**What needs to be done**
Starting at the line below holding "Премикс для составления" and stopping at the line holding "Hermoso brazalete de", print every line exactly, both ends included, and leave the rest out.

Top of Data for analysis

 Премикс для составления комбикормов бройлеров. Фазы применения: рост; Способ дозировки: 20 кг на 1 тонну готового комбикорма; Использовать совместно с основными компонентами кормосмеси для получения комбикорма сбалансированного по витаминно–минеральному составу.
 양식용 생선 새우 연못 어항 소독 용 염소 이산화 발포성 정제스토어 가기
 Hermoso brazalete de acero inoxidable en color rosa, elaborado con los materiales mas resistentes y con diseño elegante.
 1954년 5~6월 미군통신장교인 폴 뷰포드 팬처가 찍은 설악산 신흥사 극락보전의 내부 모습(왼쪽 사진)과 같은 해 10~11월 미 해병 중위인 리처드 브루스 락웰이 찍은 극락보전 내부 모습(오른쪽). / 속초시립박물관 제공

Bottom of Data for analysis
Top of Data for analysis

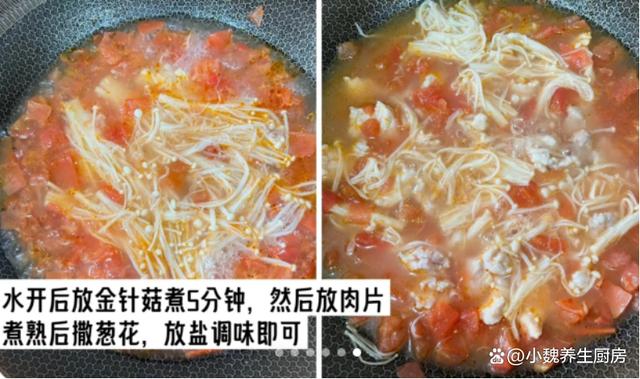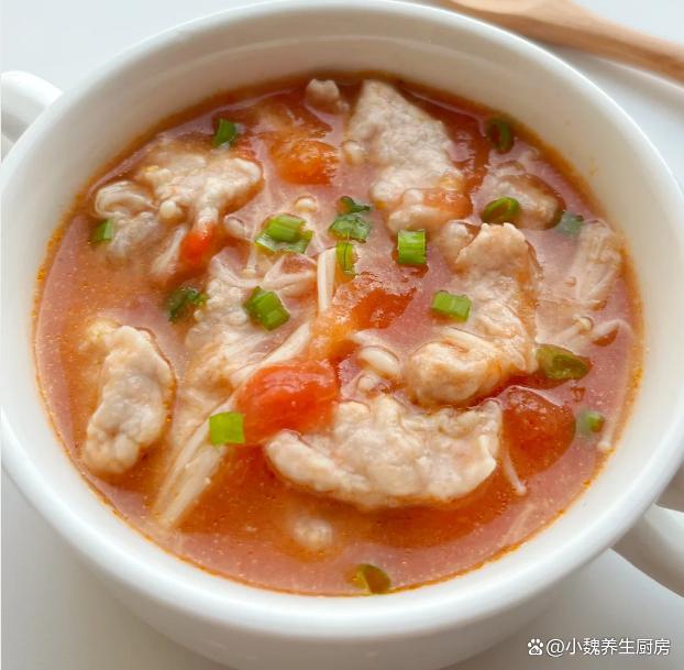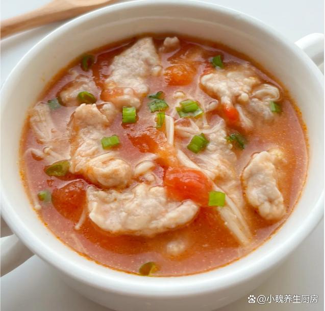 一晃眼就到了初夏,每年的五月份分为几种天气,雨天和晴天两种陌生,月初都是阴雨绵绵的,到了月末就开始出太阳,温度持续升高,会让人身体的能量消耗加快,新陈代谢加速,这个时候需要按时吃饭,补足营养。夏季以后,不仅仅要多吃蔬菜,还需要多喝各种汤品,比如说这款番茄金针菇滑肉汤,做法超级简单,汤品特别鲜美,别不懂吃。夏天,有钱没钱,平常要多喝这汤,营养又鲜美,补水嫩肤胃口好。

Bottom of Data for analysis

**Answer for this exercise**
 Премикс для составления комбикормов бройлеров. Фазы применения: рост; Способ дозировки: 20 кг на 1 тонну готового комбикорма; Использовать совместно с основными компонентами кормосмеси для получения комбикорма сбалансированного по витаминно–минеральному составу.
 양식용 생선 새우 연못 어항 소독 용 염소 이산화 발포성 정제스토어 가기
 Hermoso brazalete de acero inoxidable en color rosa, elaborado con los materiales mas resistentes y con diseño elegante.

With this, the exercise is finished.